# Sierra JHC!



## fusil (Sep 23, 2008)

Salut,
I've been given a box of Sierra 158gr JHC and have just loaded 20.
Never loaded JHC or JHP. The lead part has de-formed/mushroomed a bit. :smt076

Is this normal?

I ordered some FMJ HP last week, they were on promo (aka cheap!!).:anim_lol:
I hope NOT to have a problem with reloading them!

Any advice guys?

fusil


----------



## TOF (Sep 7, 2006)

Fusil,

I load RNFMJ, Gold Dot's (rounded HP's), SJHP and SJSP for my 357 and 38's. The SJHP and SJSP I use are essentialy flat front.

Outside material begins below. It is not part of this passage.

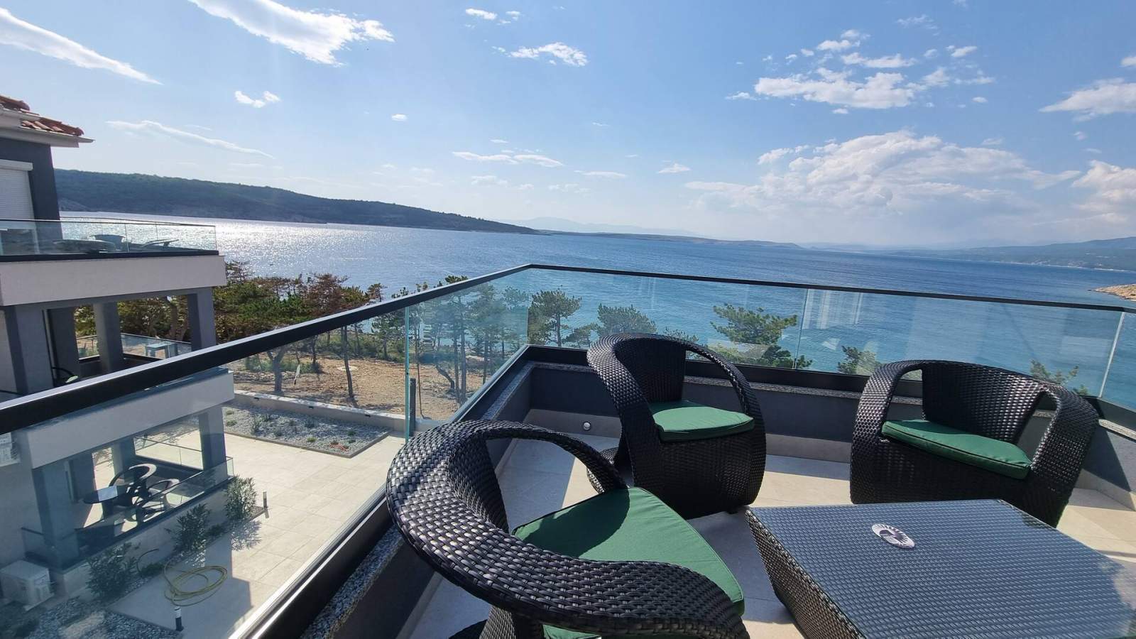 Der Balkon (10 m2) bietet eine wunderschöne Aussicht auf den Pool und das Meer. Der Poolbereich im Erdgeschoss ist mit Sonnenliegen, Sonnenschirmen und einer Außendusche ausgestattet und bietet direkten Zugang zum Meer zum bequemen Schwimmen. Ein gemeinsamer Waschraum im Erdgeschoss umfasst eine Waschmaschine, Waschkapseln/Waschmittel und ein Bügeleisen zur Nutzung durch die Gäste.
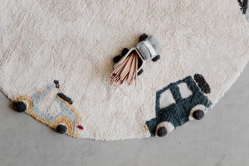 Ready for a ride around the Eco-City? Let your child’s imagination take the wheel on this soft, round washable rug, circled by e-vehicles and bikes, sporting pom-poms as wheels. It comes in a convenient size to set up play anywhere around the house. The perfect choice to decorate the kids’ room or nursery in style, matching the Eco-City theme collection. So, who’s in for some vroom-vroom fun?

If loaded using a seating die for round nose bullets, some deformation occurs. What I did to reduce deformation of soft flat bullets is purchase a second insert for the die which I ground flat. It has worked reasonably well for me.

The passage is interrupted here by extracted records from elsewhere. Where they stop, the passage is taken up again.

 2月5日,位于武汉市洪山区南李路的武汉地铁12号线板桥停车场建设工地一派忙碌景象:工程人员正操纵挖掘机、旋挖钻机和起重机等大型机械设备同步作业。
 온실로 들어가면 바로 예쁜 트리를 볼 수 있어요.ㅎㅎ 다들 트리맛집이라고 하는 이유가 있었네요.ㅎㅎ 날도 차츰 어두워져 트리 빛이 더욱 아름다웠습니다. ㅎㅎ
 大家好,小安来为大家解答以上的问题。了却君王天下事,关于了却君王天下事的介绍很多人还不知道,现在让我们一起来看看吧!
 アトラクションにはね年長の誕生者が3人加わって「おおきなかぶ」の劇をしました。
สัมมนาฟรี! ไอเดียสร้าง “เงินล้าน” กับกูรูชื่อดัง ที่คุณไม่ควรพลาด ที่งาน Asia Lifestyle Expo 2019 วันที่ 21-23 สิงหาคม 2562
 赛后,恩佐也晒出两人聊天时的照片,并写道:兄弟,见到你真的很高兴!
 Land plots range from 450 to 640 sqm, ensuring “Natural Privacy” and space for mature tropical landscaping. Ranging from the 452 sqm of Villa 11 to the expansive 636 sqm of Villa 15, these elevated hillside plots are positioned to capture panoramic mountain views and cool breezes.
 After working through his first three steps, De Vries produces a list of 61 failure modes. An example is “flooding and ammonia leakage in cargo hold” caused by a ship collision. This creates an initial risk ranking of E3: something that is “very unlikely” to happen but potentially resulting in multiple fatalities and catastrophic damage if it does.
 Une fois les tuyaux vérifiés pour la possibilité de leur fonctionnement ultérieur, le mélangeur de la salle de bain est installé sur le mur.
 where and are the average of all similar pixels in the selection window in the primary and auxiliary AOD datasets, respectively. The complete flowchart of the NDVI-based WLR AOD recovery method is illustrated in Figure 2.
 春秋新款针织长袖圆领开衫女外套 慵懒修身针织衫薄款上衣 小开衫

Use of seperate seating and crimping dies will reduce deformation also. I use Lee's seperate Factory Crimp die

It is my understanding you can purchase custom seating inserts to match a specific bullet if you use Lee dies.

You might send them an Email on the subject. If you do please let us know their answer.

Good luck

TOF

tumbleweed


----------



## DJ Niner (Oct 3, 2006)

I used to load a LOT of Sierra JHC in .44 Magnum (love that 180 grain). Initially, I had the same problem, and solved it by using TOF's method, above. Eventually, I decided to try going in the other direction, and found better results.

Take a seating punch and find a way (I had a machinist friend do it) to countersink it far enough to allow the lead part of the bullet nose to enter, but not touch, the inside of the punch. When you do this, the seating force is transferred to the outer edge of the seating punch; the bullet is seated by a "ring" of pressure on the bullet jacket instead of the lead nose. This also allows the bullet to self-center, preventing tipping during the seating process. It completely prevents nose deformation, and makes seating to a uniform depth for crimping in the groove MUCH easier and more accurate.


----------